_Material to process_
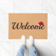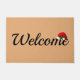 Die Begrüßungstür wird in der Weihnachtsmannmütze des Urlaubshotels gezeigt. Farbe Tan Passen Sie diese Matte an oder kaufen Sie, wie es ist.
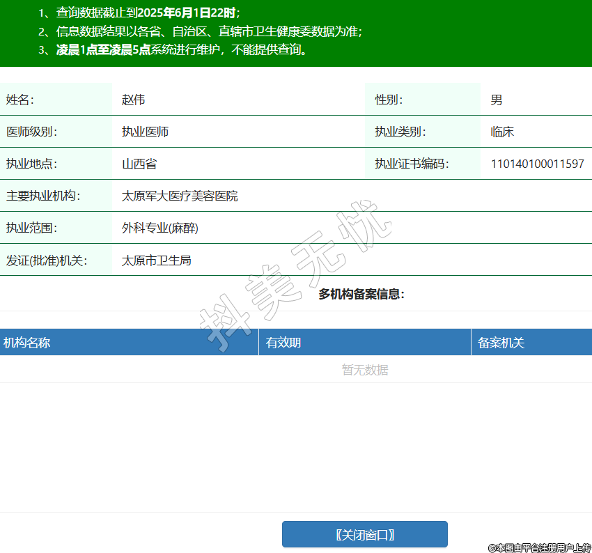 姓名:趙偉性別:男醫(yī)師級(jí)別:執(zhí)業(yè)醫(yī)師執(zhí)業(yè)類別:臨床執(zhí)業(yè)地點(diǎn):山西省執(zhí)業(yè)證書(shū)編碼:110140100011597主要執(zhí)業(yè)機(jī)構(gòu):太原軍大醫(yī)療美容醫(yī)院執(zhí)業(yè)范圍:外科專業(yè)(麻醉)發(fā)證(批準(zhǔn))機(jī)關(guān):太原市衛(wèi)生局 -
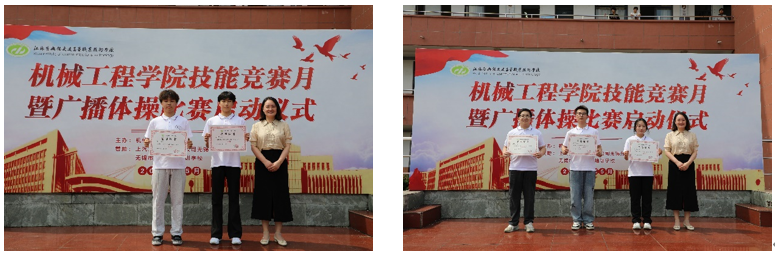 为深入贯彻国家提出的“每天锻炼一小时,健康工作 50 年,幸福生活一辈子”的体育健康理念,营造浓郁的校园体育锻炼氛围,切实提高同学们的健康水平。机械工程学院于2025年5月21日下午在锡澄校区操场举行了首届第九套广播体操比赛。参加本次活动的有:校党委委员、副校长吴雪琴;基础教学部主任杨凤琴;上汽大通无锡分公司副经理蔡蓉;无锡市精英培训学校负责人丁辉。同时参加广播体操比赛观摩的还有来校参加校园活动日的50多名家长代表。
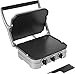 CUSTOM CONTROL: Sturdy panini-style handle with hinged floating cover adjusts to thickness of food, selector knob choose grill or griddle function and the adjustable temperature controls for grill or griddle
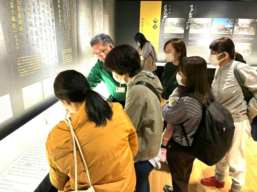 前半の展示コーナーでは、縄文時代から江戸時代までの富士の歴史にふれることができます。石川さんの解説に耳を傾けながら、国指定史跡で富士市最大の古墳である浅間古墳をはじめ、吉原宿や富士川渡船に関する資料を見て、当時の様子を感じ取ることができました。
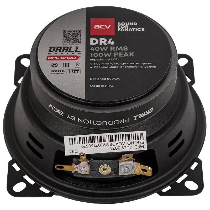 Колонки автомобильные ACV DRALL DR4 (без решетки) 100Вт 94дБ 3Ом 10см (4дюйм) (ком.:2кол.) широкополосные однополосные
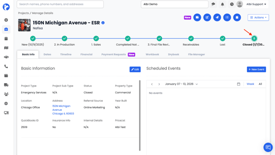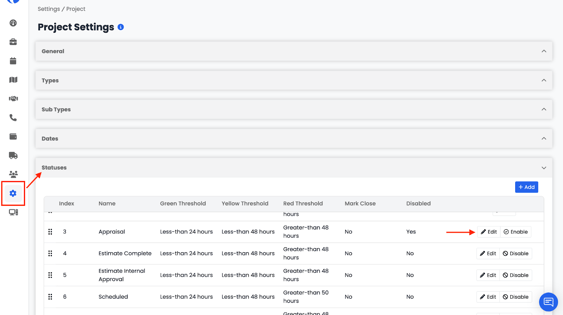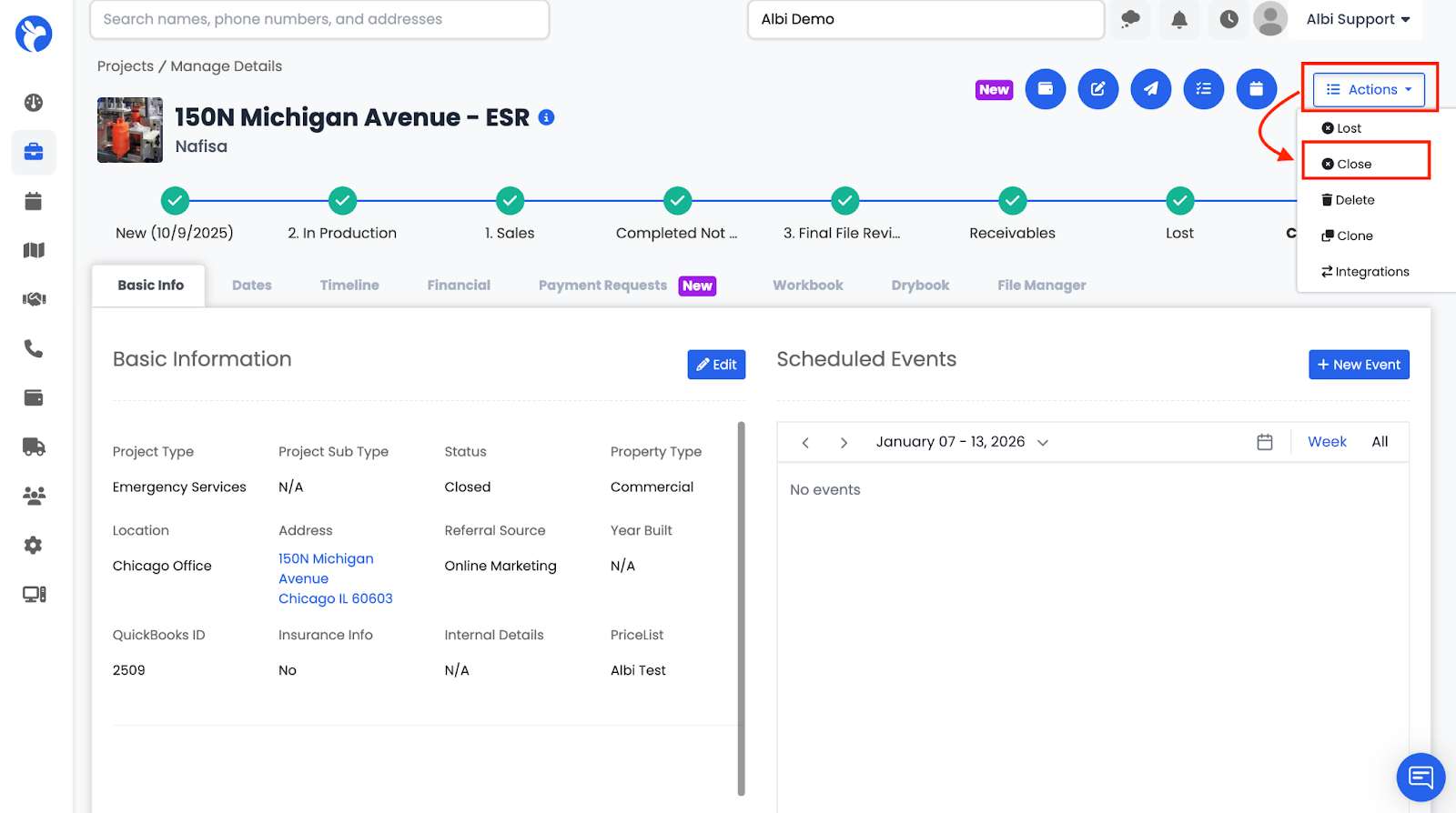 If the “Mark Close” checkbox is selected for a particular status, then when a project reaches that status, Albi will automatically mark the project as Closed.

_Problem to work on_
Go to the line containing "CUSTOM CONTROL: Sturdy", then write out word for word every line from there to the end of the listing. Keep both end lines and drop the pictures.

_Solution for this problem_
 CUSTOM CONTROL: Sturdy panini-style handle with hinged floating cover adjusts to thickness of food, selector knob choose grill or griddle function and the adjustable temperature controls for grill or griddle
 前半の展示コーナーでは、縄文時代から江戸時代までの富士の歴史にふれることができます。石川さんの解説に耳を傾けながら、国指定史跡で富士市最大の古墳である浅間古墳をはじめ、吉原宿や富士川渡船に関する資料を見て、当時の様子を感じ取ることができました。
 Колонки автомобильные ACV DRALL DR4 (без решетки) 100Вт 94дБ 3Ом 10см (4дюйм) (ком.:2кол.) широкополосные однополосные
 If the “Mark Close” checkbox is selected for a particular status, then when a project reaches that status, Albi will automatically mark the project as Closed.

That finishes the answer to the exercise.